December 08, 2006

Everything counts in large amounts

I'm pleased to hear that, six or eight years later than people should have actually started caring urgently about it, people are starting to care urgently about verifiable voting:

By the 2008 presidential election, voters around the country are likely to see sweeping changes in how they cast their ballots and how those ballots are counted, including an end to the use of most electronic voting machines without a paper trail, federal voting officials and legislators say.

New federal guidelines, along with legislation given a strong chance to pass in Congress next year, will probably combine to make the paperless voting machines obsolete, the officials say. States and counties that bought the machines will have to modify them to hook up printers, at federal expense, while others are planning to scrap the machines and buy new ones.
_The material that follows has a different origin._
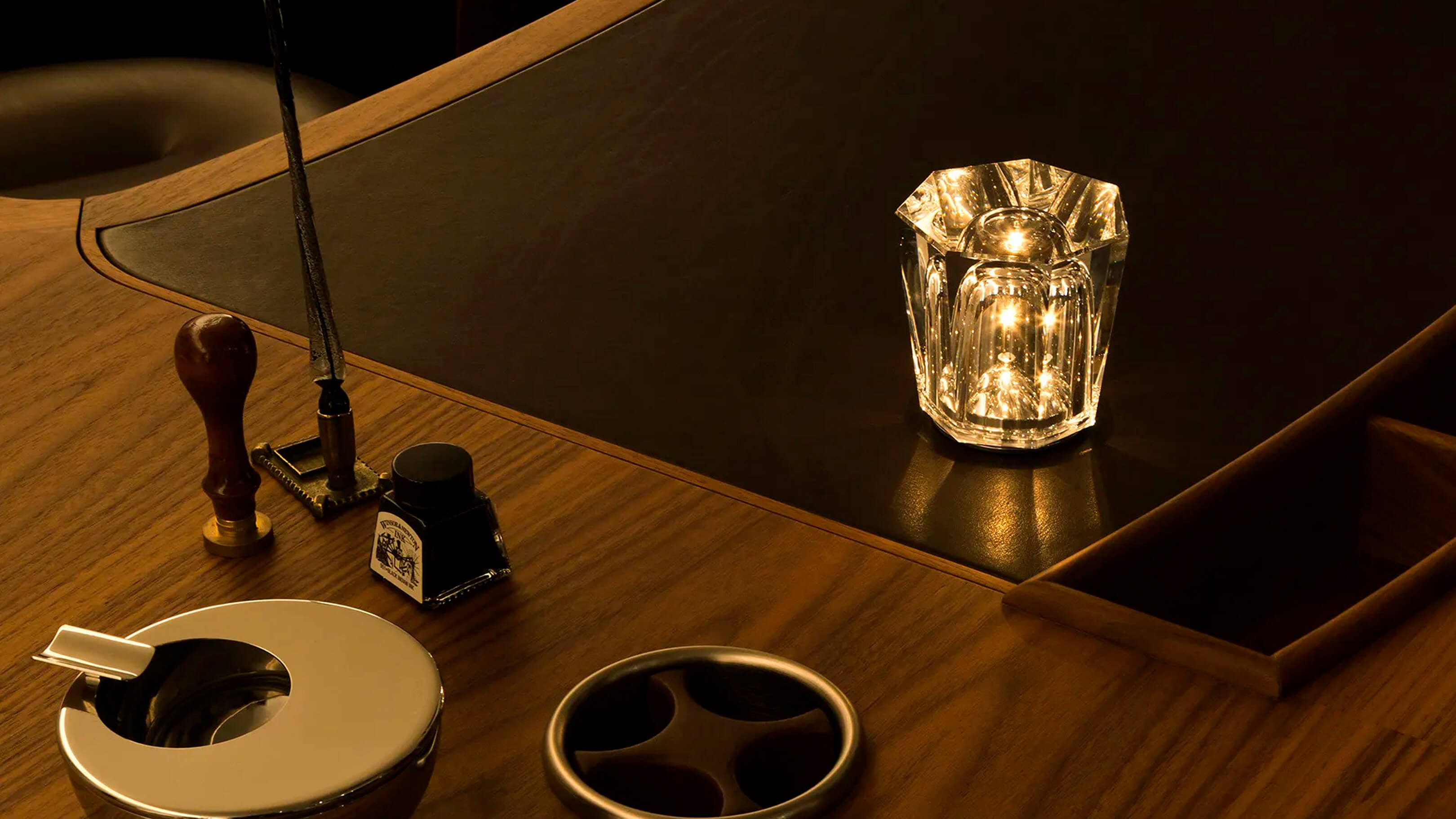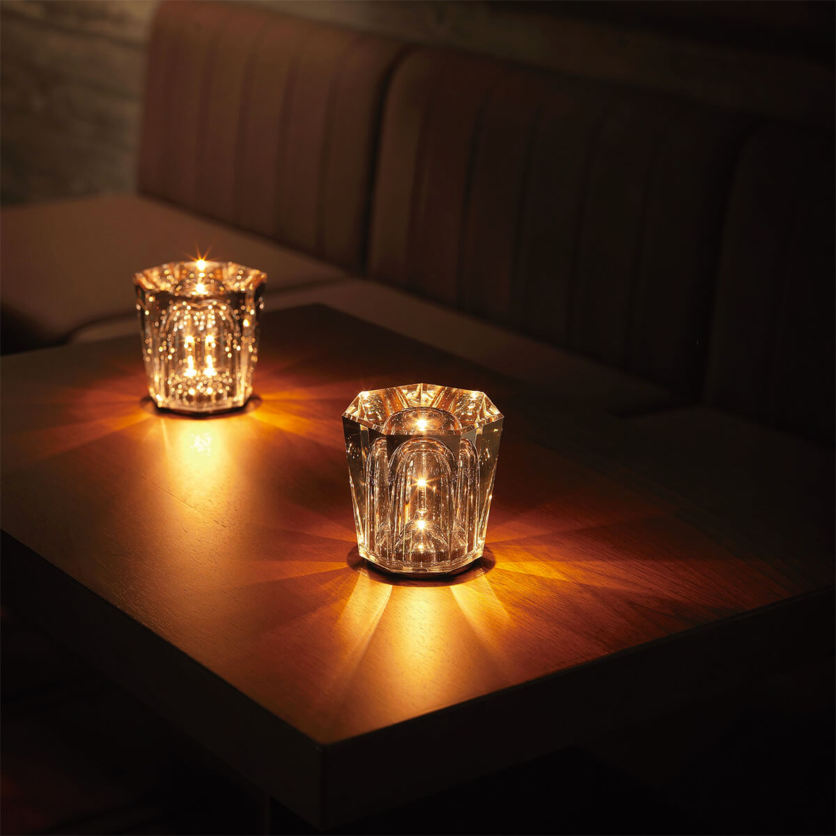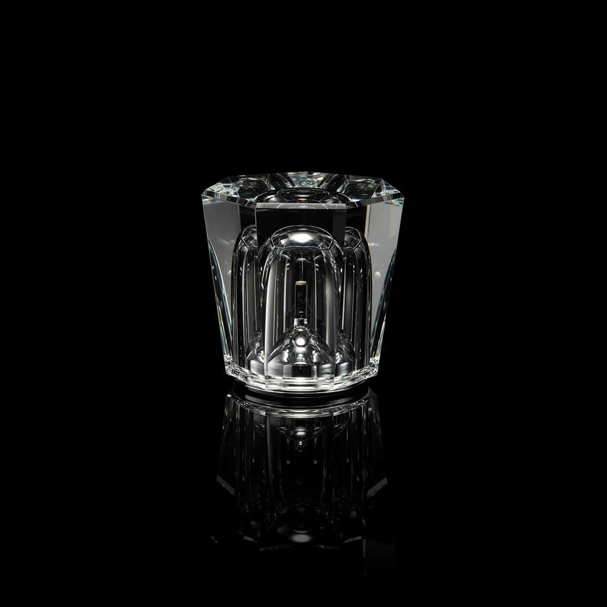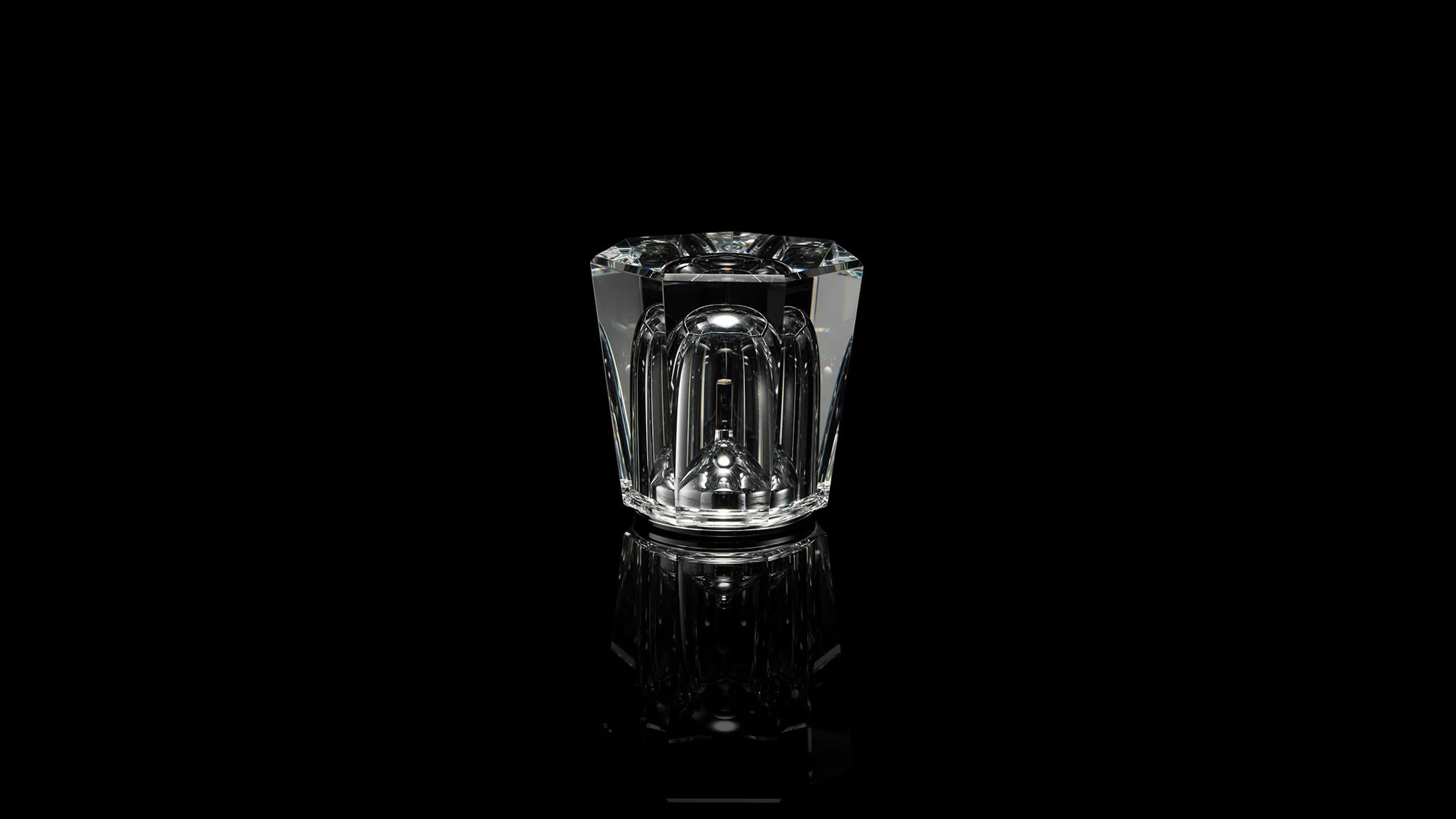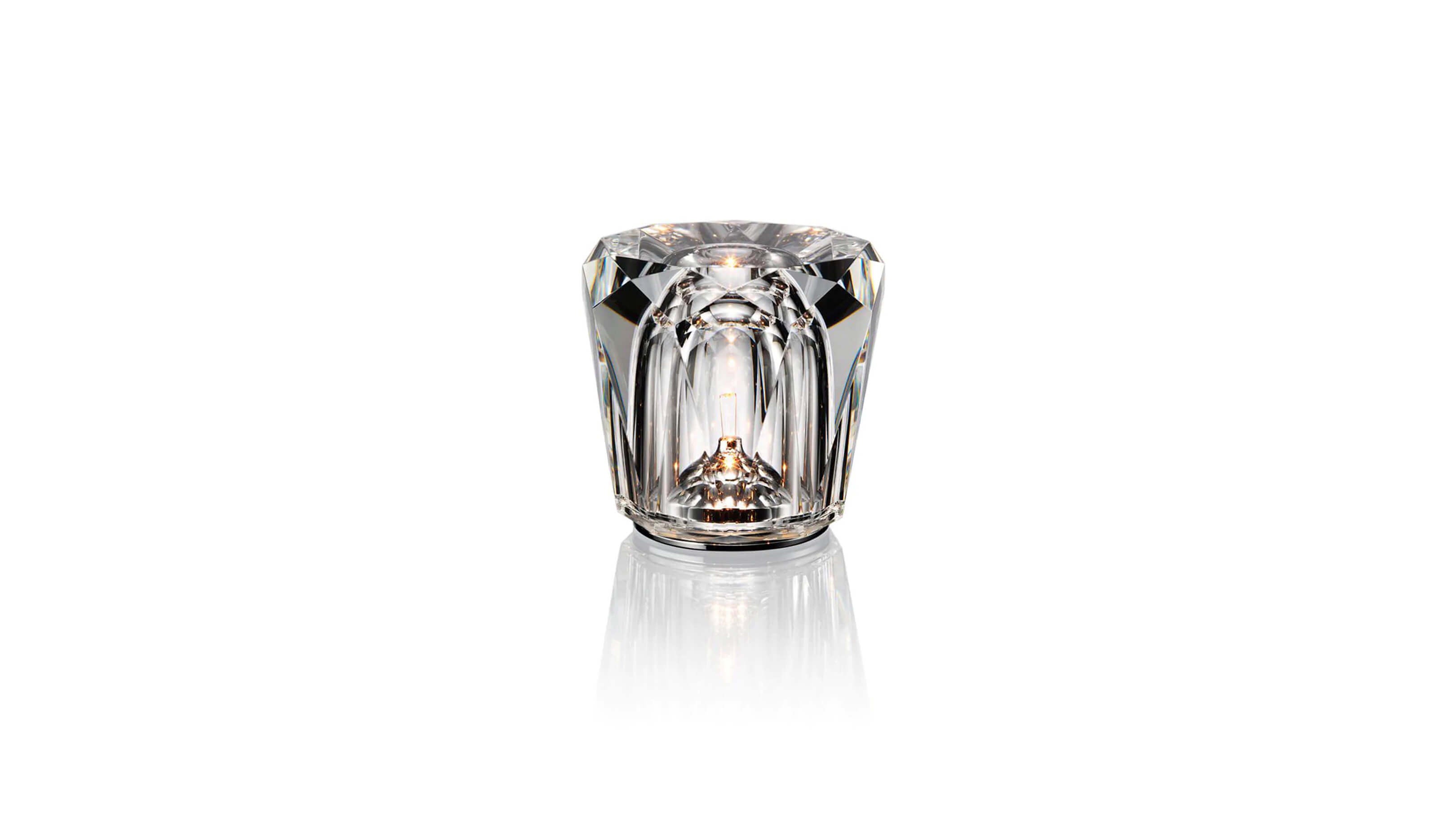 The Xtal Acrux Wireless LED lamp is a hand-cut and polished crystalline table lamp that casts a spell on the night. This superior level of craftsmanship allows the lamp to produce its signature tapestry of light, an ethereal radial flare and icy glimmer. The light emitted by the Xtal is beautifully refracted in every direction, thanks to the incorporation of a double-sided LED and a metal reflector that has been polished to a mirror-like finish. The brightness of the Xtal can be adjusted to one of four levels, allowing it to provide a light that suits the space, and since the lamp is cordless and compact, it can also be positioned anywhere. With IPX6 water resistance, the Xtal can even enhance a soak in the bath or a rainy night on the balcony.

It's always seemed pretty obvious to me that voting machines with software you're not allowed to see and no independent means of confirming a vote count other than the software you're not allowed to see are not a great means of providing confidence in election results, and so I couldn't be happier about this news, assuming it actually comes to pass. But some people apparently disagree with me about paper trails:

In Harris County, Tex., which includes Houston, electronic machines can print a paper tally, but do not give voters a paper record, meaning they would not comply with Mr. Holt’s bill. Beverly Kaufman, the county clerk, said she and other election officials elsewhere disliked the paper requirement.

“Every time you introduce something perishable like paper, you inject some uncertainty into the system,” Ms. Kaufman said.

That's right! People could set the voting records on fire! Where would you be then, with your precious "verified voting"? Huh???

Seriously, though, this makes my head spin. How does letting voters confirm that their votes were actually recorded correctly, and then saving a hard copy of those results increase uncertainty? Oh -- right, because then when the tampered-with voting machines show a different set of results, people will be uncertain whether or not they can trust the election outcome, but if we just get rid of the damn paper trail, people will never know better, and everything will be fine. I get it now.

Posted by Francis at 04:57 PM
Comments

Actually, the argument of the uncertainty paper introduces into the process is not so much about the perishability of the paper, as it is about the increased level of complexity that paper processes insert into the technology. In short, adding a printer (or, in the case of Houston, dramatically increasing the number of printouts made) onto the voting machine adds a lot of mechanical (as opposed to strictly electronic) moving parts, which are far more likely to malfunction, jam, or generally gum up the works. And a voting machine having to be taken off-line in the middle of voting day can, I think, justify concerns about an increase in uncertainty over an entirely paperless alternative.

This is not necessarily a compelling argument against a paper trail, but neither is it as ridiculous an argument as you make it out to be.

Posted by: Scott at December 8, 2006 08:19 PM

She's right, paper is totally perishable. I want them to give me a granite slate with my vote carved into it. Preferably by a cute wise-cracking little pterodactyl.

Posted by: Doug Orleans at December 8, 2006 11:02 PM

Thanks, Scott, I appreciate the clarification. It's true that as the number of mechanical bits of something increases, the likelihood of something going awry does as well. Maybe one solution would be to make the printers a replaceable component of a voting machine, so that if a printer failed, it could be replaced without having to replace the whole machine.

Anyway, the thing that made her argument seem spurious was her use of the word "perishable", which gave her response an air of "I'm just trying to come up with any reason to oppose changing the system we have, because I am a lazy bureaucrat."

Posted by: Francis at December 10, 2006 11:04 AM

And I'll grant that I have little doubt that her use of the word "perishable" was in response to a total lack of understanding of what it was that she was saying, from a technical standpoint. I would like to believe that she was briefed on the issue by a staff person who actually understands the technology, but with a county clerk's office, even of a sizable county, that isn't especially likely.